(INSTRUCTIONS FOR THE TASK): Please return only the lines from the one holding "OPPO的AI消除相信大家已" through the one holding "4.第四步,我们可以看到如下", exactly as they appear in the records below, both ends included.

(SUPPLIED RECORDS):
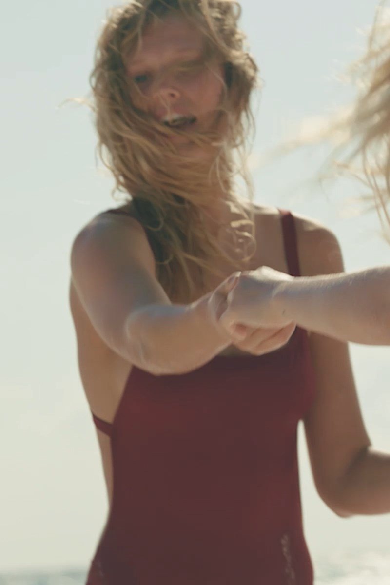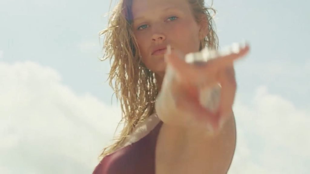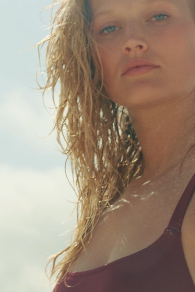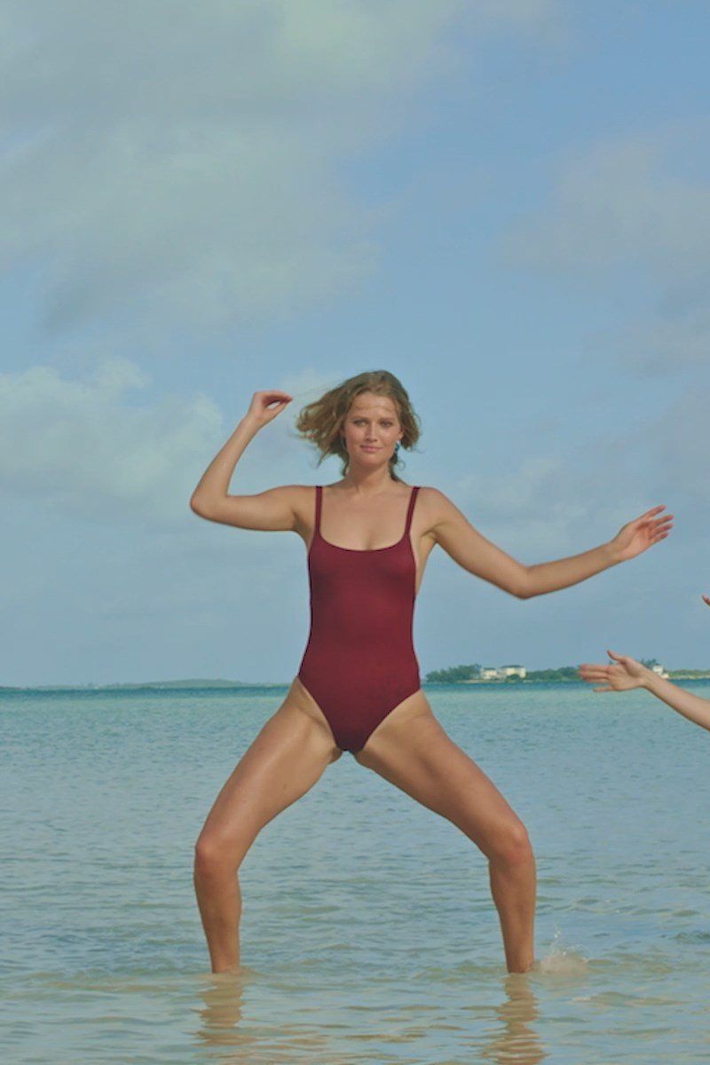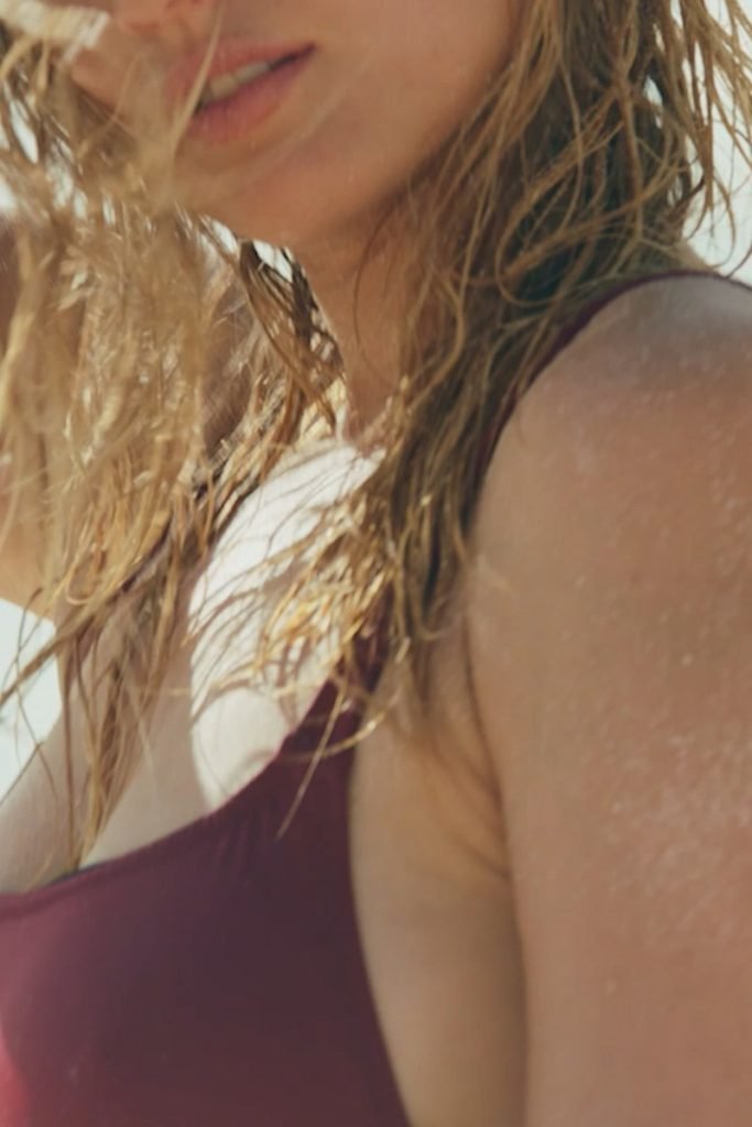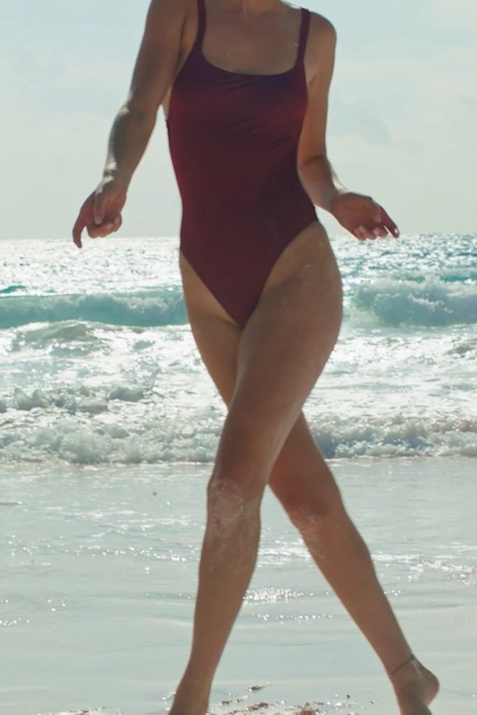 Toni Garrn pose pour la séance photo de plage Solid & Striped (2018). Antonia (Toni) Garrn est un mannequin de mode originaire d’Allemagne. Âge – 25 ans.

...

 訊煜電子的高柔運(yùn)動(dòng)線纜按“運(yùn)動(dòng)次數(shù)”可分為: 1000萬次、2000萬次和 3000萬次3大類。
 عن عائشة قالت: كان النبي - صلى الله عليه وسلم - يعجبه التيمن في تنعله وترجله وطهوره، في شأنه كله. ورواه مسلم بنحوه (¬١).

==

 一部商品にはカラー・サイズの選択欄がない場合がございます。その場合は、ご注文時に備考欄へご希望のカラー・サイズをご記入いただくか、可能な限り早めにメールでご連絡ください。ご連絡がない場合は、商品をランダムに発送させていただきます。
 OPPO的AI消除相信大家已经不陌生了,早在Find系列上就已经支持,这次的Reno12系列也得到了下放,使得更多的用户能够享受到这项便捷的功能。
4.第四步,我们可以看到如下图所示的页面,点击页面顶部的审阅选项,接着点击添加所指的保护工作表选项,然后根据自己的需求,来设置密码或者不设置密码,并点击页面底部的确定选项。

(TASK RESPONSE):
 OPPO的AI消除相信大家已经不陌生了,早在Find系列上就已经支持,这次的Reno12系列也得到了下放,使得更多的用户能够享受到这项便捷的功能。
4.第四步,我们可以看到如下图所示的页面,点击页面顶部的审阅选项,接着点击添加所指的保护工作表选项,然后根据自己的需求,来设置密码或者不设置密码,并点击页面底部的确定选项。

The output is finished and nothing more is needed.